Poverty and Poor Governance in Mauritania: When Wealth Is Wasted and Citizens Are Marginalized
By: Mohamed Abdarahman
Abdullah – Journalist
Despite the vast wealth Mauritania possesses—from minerals, fisheries, and fertile agricultural lands—poverty gnaws at large segments of society, basic services deteriorate, and good planning is absent as the country is managed with a makeshift mentality.
What explains this stark contradiction between potential and reality? Is it a shortage of resources, or poor governance and failure in public administration?
1. Resources Are Depleted but Not Invested
Iron, gold, copper, gas… Mauritania has exported these resources for decades.
Yet instead of improving citizens’ lives, revenues are squandered through corruption or captured by a small elite.
In the absence of transparency and accountability, wealth becomes a curse rather than a blessing.
2. Poverty as a Daily Reality, Not an Exception
Citizens in cities and villages live at subsistence levels:
High prices without oversight,
Chronic unemployment,
Lack of schools and teachers,
Hospitals lacking proper equipment,
And an administration that views citizens as numbers, not partners.
In rural areas, conditions are harsher: drought, marginalization, and absence of infrastructure.
3. Poor Governance: The Core Problem
Good governance means:
Planning based on realistic foundations,
Fair distribution of wealth,
Fighting corruption,
And achieving efficiency and effectiveness.
But in Mauritania, decisions are made individually, projects are managed chaotically, and leadership appointments depend on loyalty rather than competence—making the state incapable of addressing challenges.
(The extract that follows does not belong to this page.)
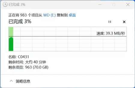 这是什么概念呢?我用机械式移动硬盘读写这个文件时,写入速度大约只有40MB/s,完成需要40分钟。对比朗科NV7000-t 1TB PCIe4.0 SSD超快读写速度,简直一个天上一个地下。

4. Lack of a Comprehensive National Vision
Until today, there is no clear national plan for:
Achieving food security,
Directing investments,
Reforming education,
Or creating real job opportunities.
Successive governments repeat the same cycle: big promises, weak implementation, and disappointing results.
5. The Citizen: Victim of a Closed System
With a lack of transparency, weakened independent media, and a fragile civil society, citizens find themselves outside decision-making processes.
They are neither consulted nor addressed—only asked to be patient.
But poverty is not fate; it is the result of policy, stemming from wrong or corrupt choices.
6. Towards Fair Governance… Is There Hope?
To overcome poverty and poor management, Mauritania needs:
Sincere political will that puts citizens first;
Strong institutions that monitor and hold accountable;
Justice in project and development distribution;
And genuine citizen participation in setting national priorities.
Conclusion: Wealth Without Governance = Sustainable Poverty
Mauritania is not poor… but it is managed with a mentality that produces and reproduces poverty.
When trust in the state is lost, talents marginalized, and power monopolized, wealth is of no use.
Liberation from poverty begins by freeing the state from poor management and liberating decision-making from corruption and nepotism.